Saturday, April 14, 2007

Chicago officials OK cross for Easter

CHICAGO — A 19-foot cedar cross commemorating the Crucifixion was set up in the city’s downtown for Easter, just months after city officials said they didn’t want to offend non-Christians at a holiday fair held in the same location.

City officials approved a permit for the cross, which was erected in Daley Plaza on Good Friday and left in place for a sunrise prayer service on Easter Sunday.



Attorney Thomas Brejcha, one of the planners of the cross display, said there is legal precedent for allowing religious expression in the plaza.

“The idea we want to get across is that Daley Plaza is a public forum where people can express ideas, and if they can do that for political ideas, they should be able to do it for religion, too,” Mr. Brejcha said. “People are free to speak and express their faith.”

In November, city officials caused an uproar when they declined to allow advertising for the film “The Nativity Story” to be shown during the annual German Christkindlmarket in Daley Plaza.

Officials initially said they didn’t want to appear to endorse one religion over another and potentially offend non-Christians. Then they explained that the film display would be too commercial for the market because the movie studio sponsored it. The studio’s sponsorship deal was later dropped, and the film’s trailer was shown with city approval.

Methodist church allows gay man

SOUTH HILL, Va.— The new pastor at a Methodist church that had barred a homosexual man from membership two years ago has reversed that decision and allowed the man to join.

The Rev. Barry Burkholder, the new leader of South Hill United Methodist Church, told the congregation to accept the man’s transfer from a Baptist church. The denomination has not released the name of the homosexual congregant.

The former pastor, the Rev.
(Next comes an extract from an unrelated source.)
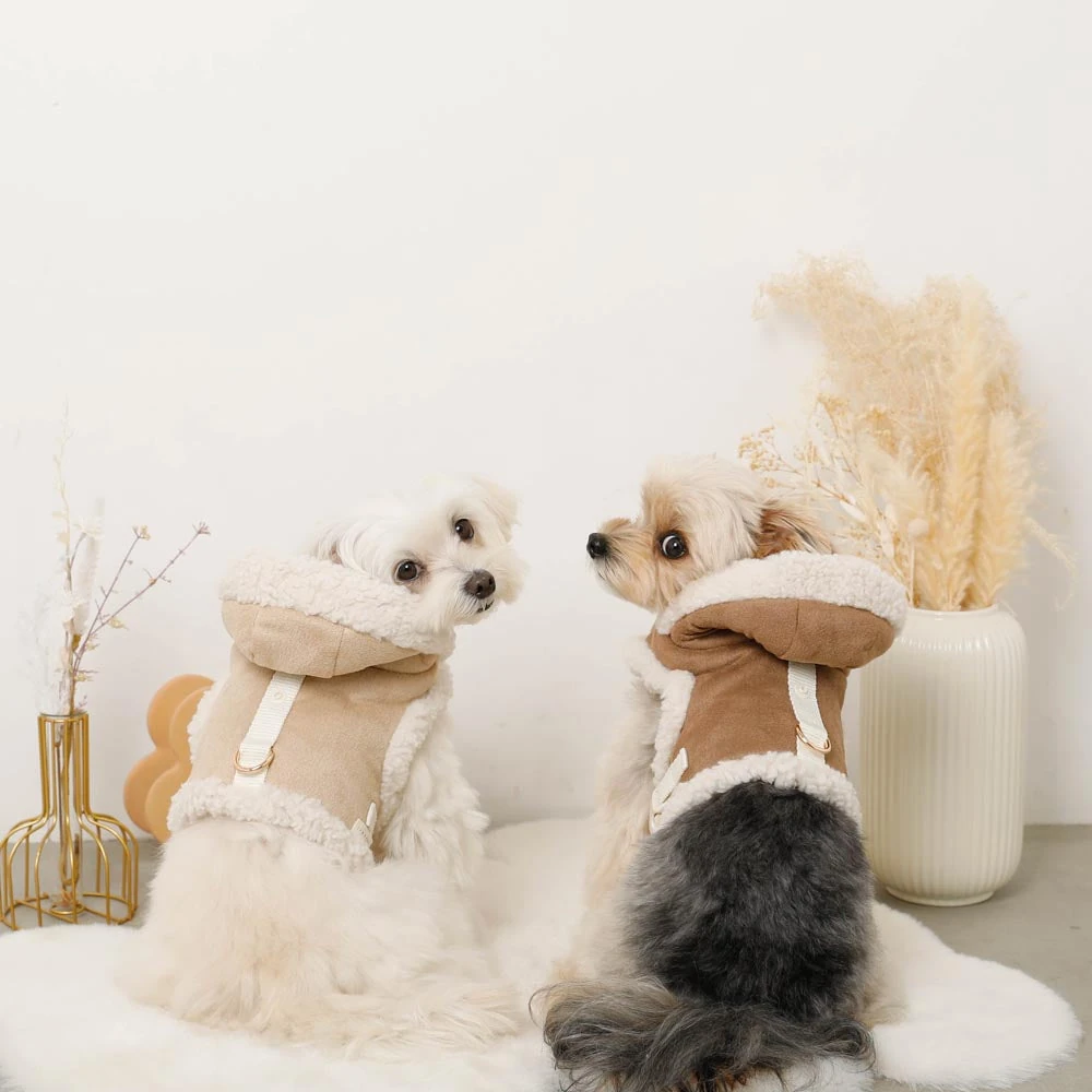 ムートンボアフードハーネス:愛犬の冬の必須アイテム

Edward H. Johnson, said in 2005 that he could not accept the man as a member because he would neither repent nor seek to change. Mr. Johnson has since been appointed pastor at another Virginia church, Dahlgren United Methodist.

The case led to a showdown in church courts between Mr. Johnson and the denomination’s Virginia Conference, which oversees congregations and pastors in the region. The conference tried to bar him from ministry for a year for his decision.
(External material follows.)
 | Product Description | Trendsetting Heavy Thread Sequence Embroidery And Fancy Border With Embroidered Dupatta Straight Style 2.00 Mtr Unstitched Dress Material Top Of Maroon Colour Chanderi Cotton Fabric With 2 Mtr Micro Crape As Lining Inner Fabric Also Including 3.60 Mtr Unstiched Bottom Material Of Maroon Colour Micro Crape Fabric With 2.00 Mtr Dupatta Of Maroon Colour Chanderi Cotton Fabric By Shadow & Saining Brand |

The Methodist Book of Discipline declares homosexual relationships “incompatible with Christian teaching,” and bars sexually active homosexuals from ordination. However, the denomination has no rules on church membership for such congregants.

Brazilian rabbi charged in shoplifting

SAO PAULO, Brazil — A prominent Brazilian rabbi who was charged with shoplifting last month in Florida says he still plans to meet with Pope Benedict XVI at a meeting of all of Latin America’s Roman Catholic bishops.

In an interview with Estado de Sao Paulo newspaper published April 6, Rabbi Henry I. Sobel said he would “ask for God’s forgiveness, if I am given the opportunity” during his time with the pontiff in May.

“I am not Catholic, so I cannot ask for the pope’s forgiveness,” he said. “But I will ask the God of Abraham, Isaac, Jacob and Israel to forgive me.”

“Perhaps in the pope’s presence I could feel his humility and have some of it enter my soul.”

Mr. Sobel, 63, championed human rights during Brazil’s dictatorship in the 1960s and is well-known in the nation for improving relations among Jews, Christians and Muslims. He temporarily resigned last month as head of South America’s largest Jewish synagogue, the Sao Paulo Jewish Congregation, which he led for more than 30 years.

Mr. Sobel was charged in March with three counts of theft for reputedly stealing ties worth a total of $680 from several upscale stores in Palm Beach, Fla. He was released after posting $3,000 bail. He has since been hospitalized at Sao Paulo’s Albert Einstein Hospital, where doctors said he was admitted after taking large quantities of sleeping drugs.

“I’ve never had the intention in my life of stealing anything,” the rabbi said in a statement, when news of his arrest surfaced in Brazil last month. “I’m used to facing crises and accusations, and I can defend myself.”